## RECORDS FOR THE TASK:
──────

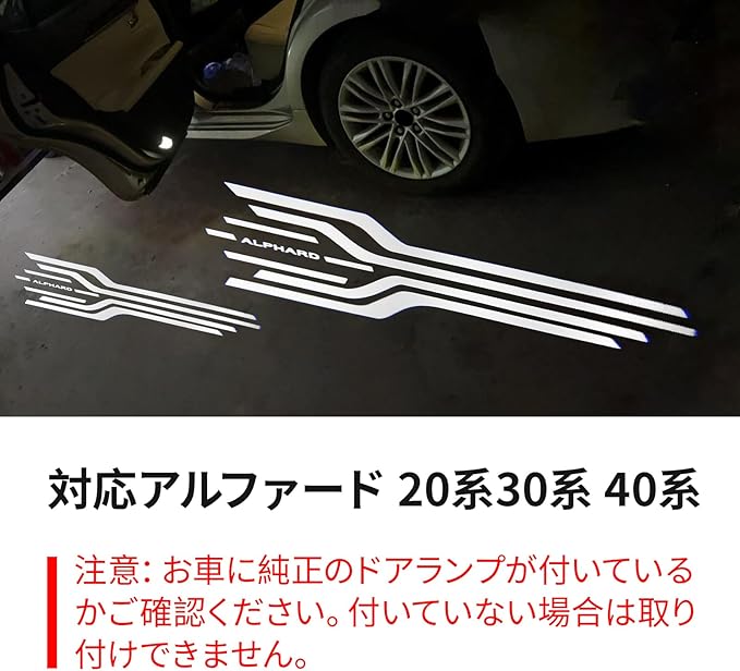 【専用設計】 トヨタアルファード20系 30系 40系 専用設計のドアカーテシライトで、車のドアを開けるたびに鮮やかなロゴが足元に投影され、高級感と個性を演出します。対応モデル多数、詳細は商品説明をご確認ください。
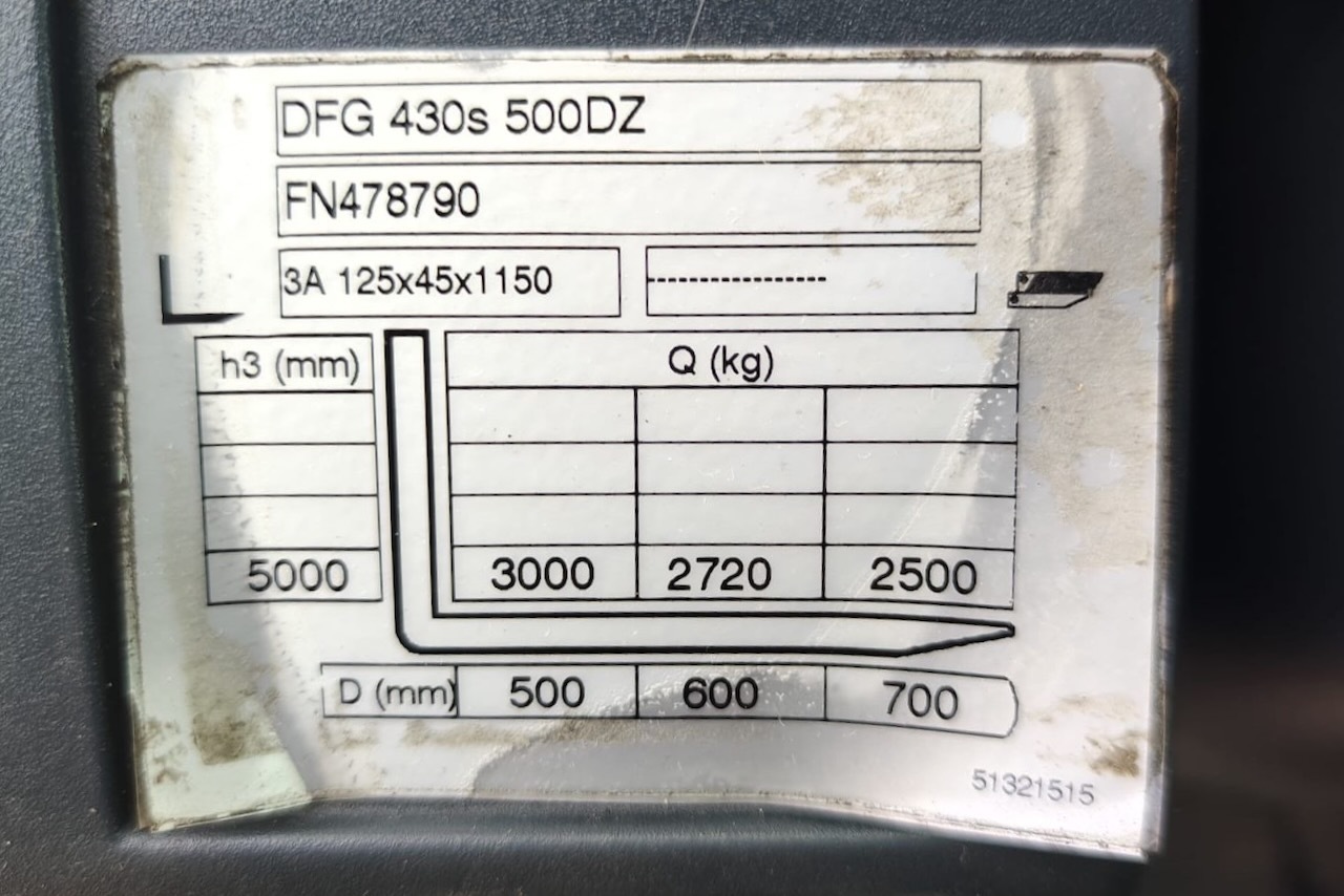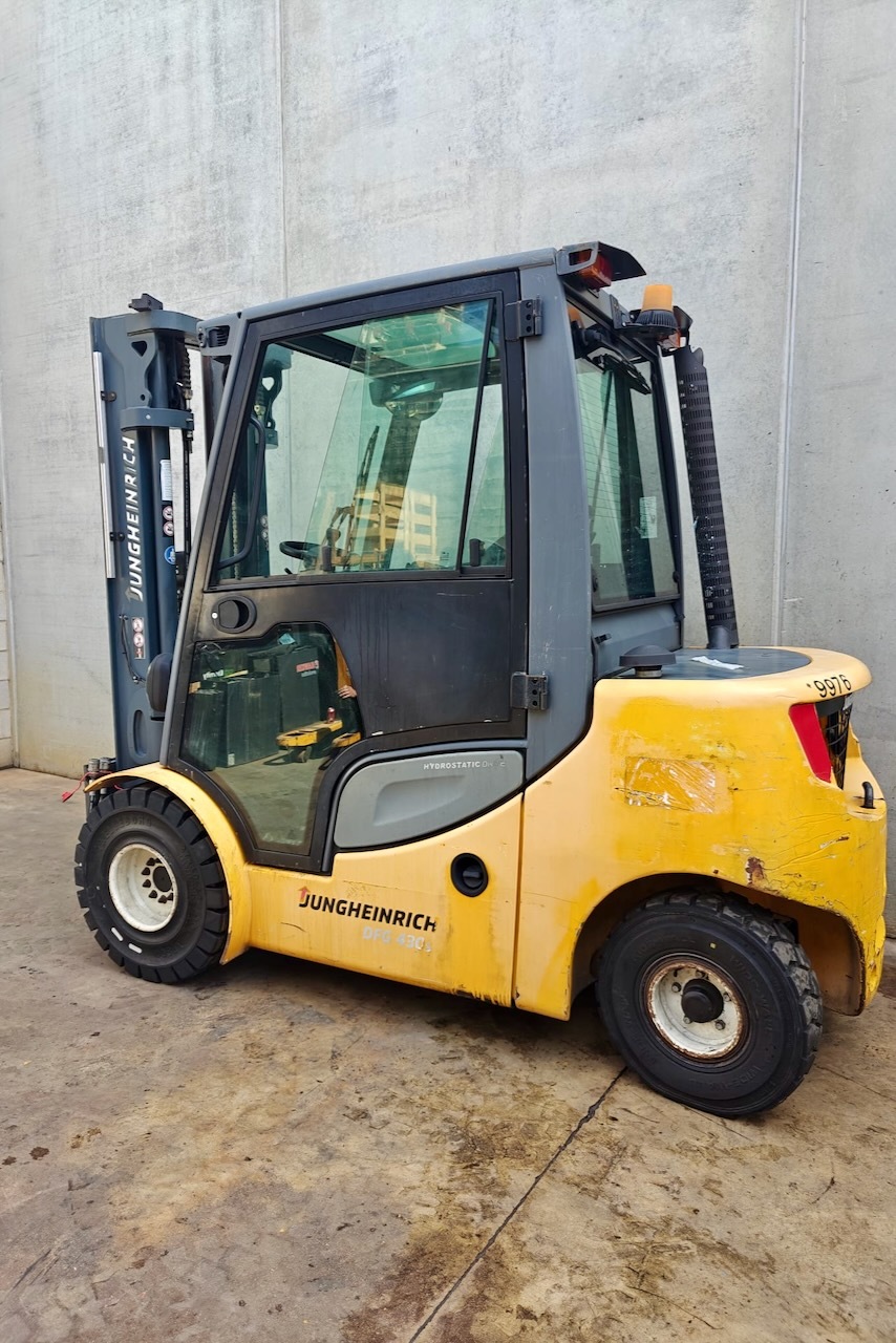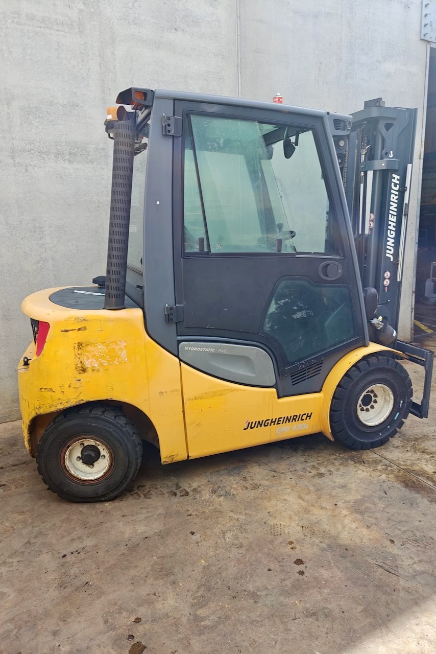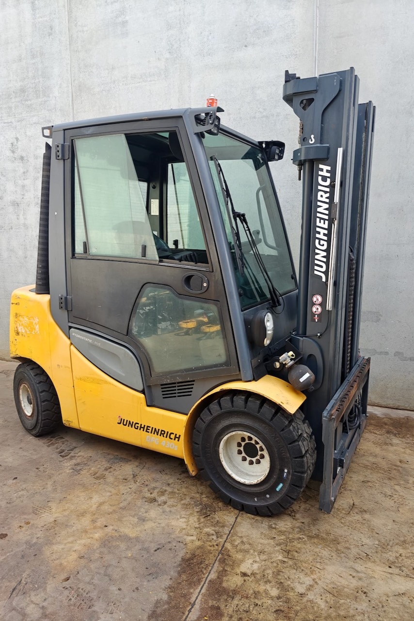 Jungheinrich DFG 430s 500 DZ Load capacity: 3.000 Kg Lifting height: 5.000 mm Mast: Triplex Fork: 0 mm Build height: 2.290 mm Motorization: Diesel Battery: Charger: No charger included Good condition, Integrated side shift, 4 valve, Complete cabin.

──────

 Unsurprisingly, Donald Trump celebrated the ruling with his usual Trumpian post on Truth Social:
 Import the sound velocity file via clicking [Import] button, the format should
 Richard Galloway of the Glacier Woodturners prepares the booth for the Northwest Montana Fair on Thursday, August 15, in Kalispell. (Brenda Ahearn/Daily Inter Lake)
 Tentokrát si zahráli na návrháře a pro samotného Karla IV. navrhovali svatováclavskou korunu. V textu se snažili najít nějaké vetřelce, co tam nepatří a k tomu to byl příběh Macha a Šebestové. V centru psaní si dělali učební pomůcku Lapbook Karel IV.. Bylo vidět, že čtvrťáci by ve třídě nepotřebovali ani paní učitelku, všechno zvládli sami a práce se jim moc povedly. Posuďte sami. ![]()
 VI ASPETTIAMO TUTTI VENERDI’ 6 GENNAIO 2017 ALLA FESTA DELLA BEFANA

──────

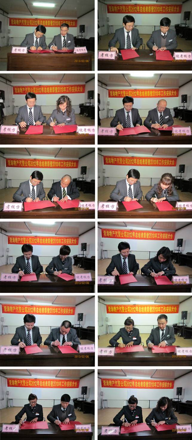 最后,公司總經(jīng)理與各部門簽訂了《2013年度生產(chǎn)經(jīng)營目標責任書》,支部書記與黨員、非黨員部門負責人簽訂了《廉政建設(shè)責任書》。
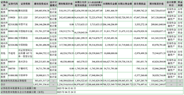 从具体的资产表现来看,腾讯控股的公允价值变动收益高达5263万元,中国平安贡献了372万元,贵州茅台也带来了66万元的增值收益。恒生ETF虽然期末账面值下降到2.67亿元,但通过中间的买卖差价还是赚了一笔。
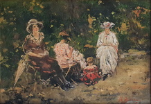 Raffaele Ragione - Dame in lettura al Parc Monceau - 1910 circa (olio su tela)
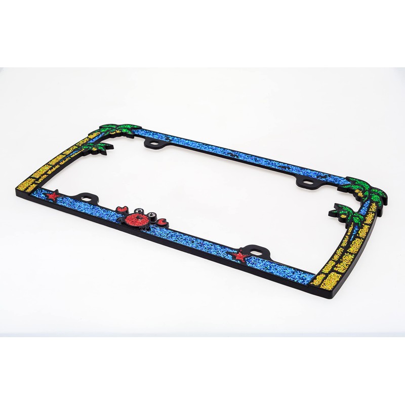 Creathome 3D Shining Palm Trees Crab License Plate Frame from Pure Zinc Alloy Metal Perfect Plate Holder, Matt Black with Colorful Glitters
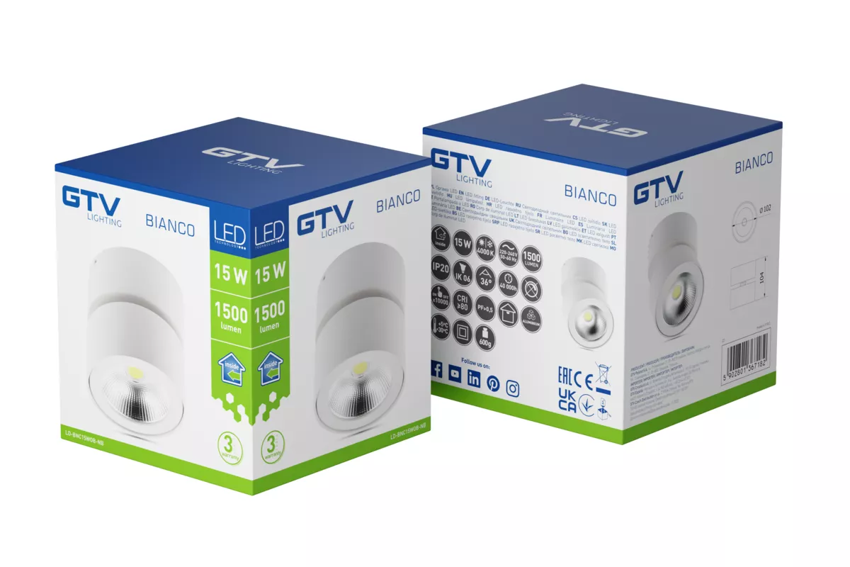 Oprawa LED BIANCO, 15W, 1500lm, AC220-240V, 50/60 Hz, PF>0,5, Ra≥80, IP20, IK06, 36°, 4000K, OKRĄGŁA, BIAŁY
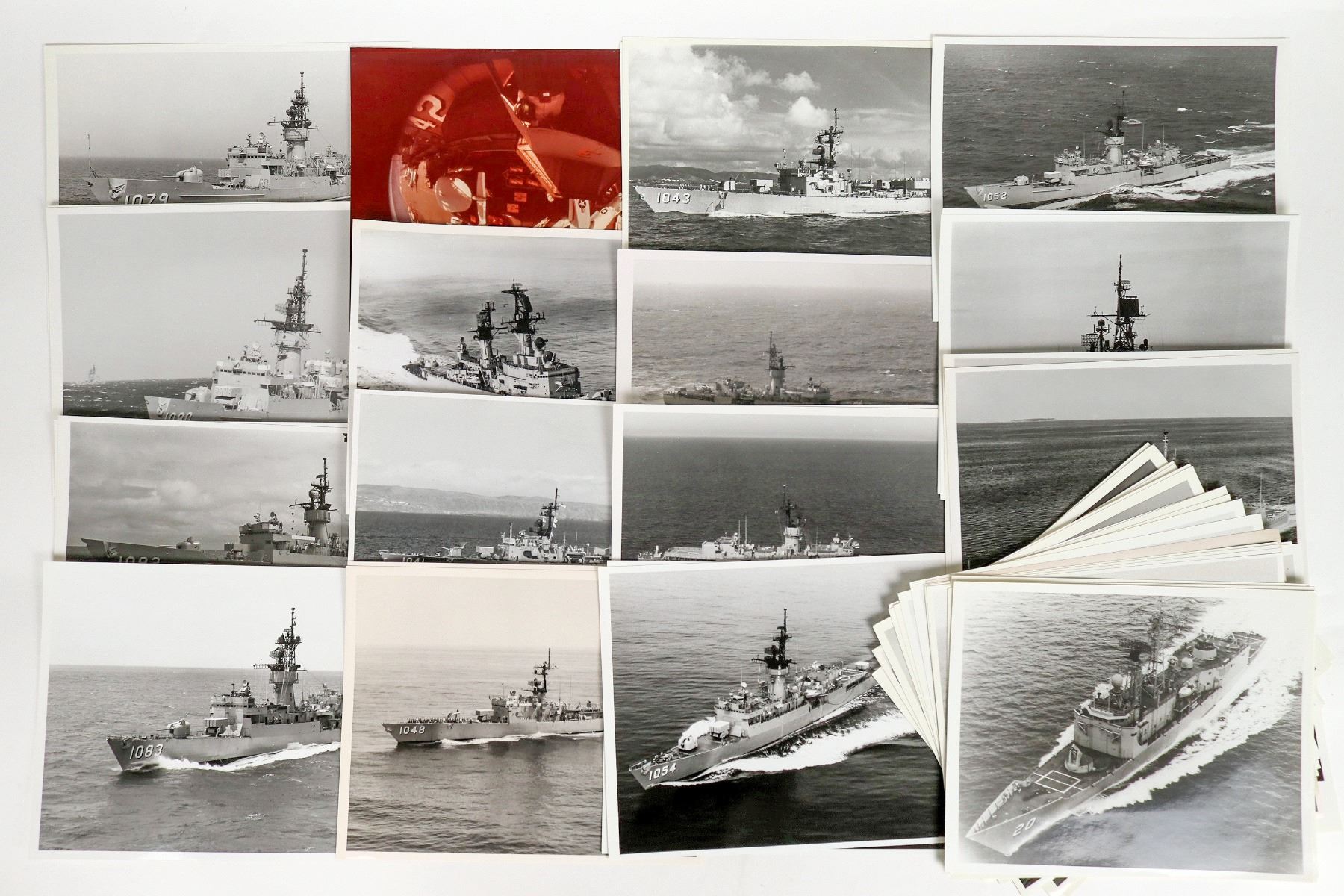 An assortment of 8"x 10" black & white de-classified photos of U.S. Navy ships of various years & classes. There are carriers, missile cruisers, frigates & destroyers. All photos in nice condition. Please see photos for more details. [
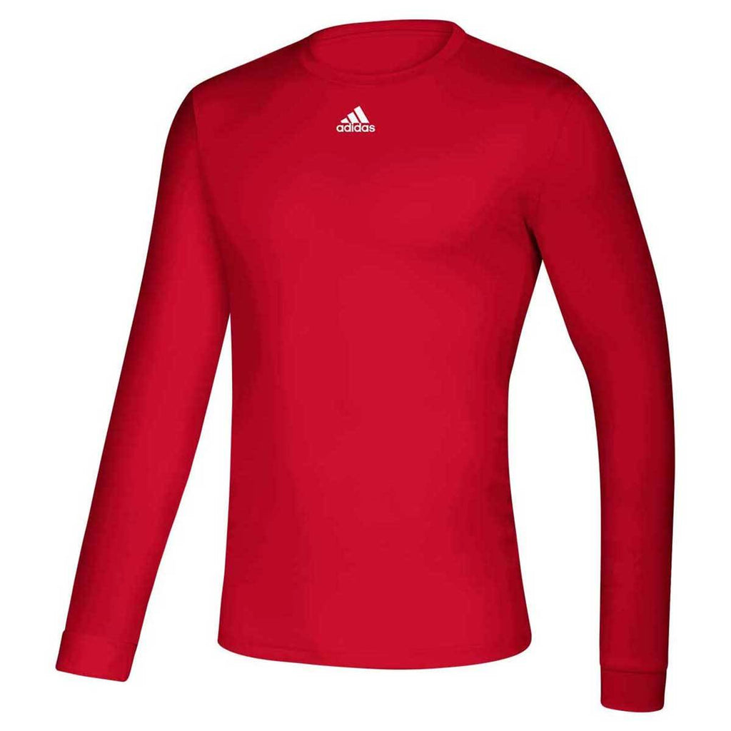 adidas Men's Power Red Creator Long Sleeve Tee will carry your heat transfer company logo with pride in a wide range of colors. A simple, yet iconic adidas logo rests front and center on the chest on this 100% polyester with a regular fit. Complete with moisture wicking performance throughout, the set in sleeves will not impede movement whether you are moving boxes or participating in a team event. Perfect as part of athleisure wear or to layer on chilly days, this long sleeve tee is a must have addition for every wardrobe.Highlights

──────

## PROBLEM TO SOLVE:
Quote word for word only the lines above from the one containing "Creathome 3D Shining" through the one containing "An assortment of". Pictures stay out of your copy.

## REPLY TO THE TASK:
 Creathome 3D Shining Palm Trees Crab License Plate Frame from Pure Zinc Alloy Metal Perfect Plate Holder, Matt Black with Colorful Glitters
 Oprawa LED BIANCO, 15W, 1500lm, AC220-240V, 50/60 Hz, PF>0,5, Ra≥80, IP20, IK06, 36°, 4000K, OKRĄGŁA, BIAŁY
 An assortment of 8"x 10" black & white de-classified photos of U.S. Navy ships of various years & classes. There are carriers, missile cruisers, frigates & destroyers. All photos in nice condition. Please see photos for more details. [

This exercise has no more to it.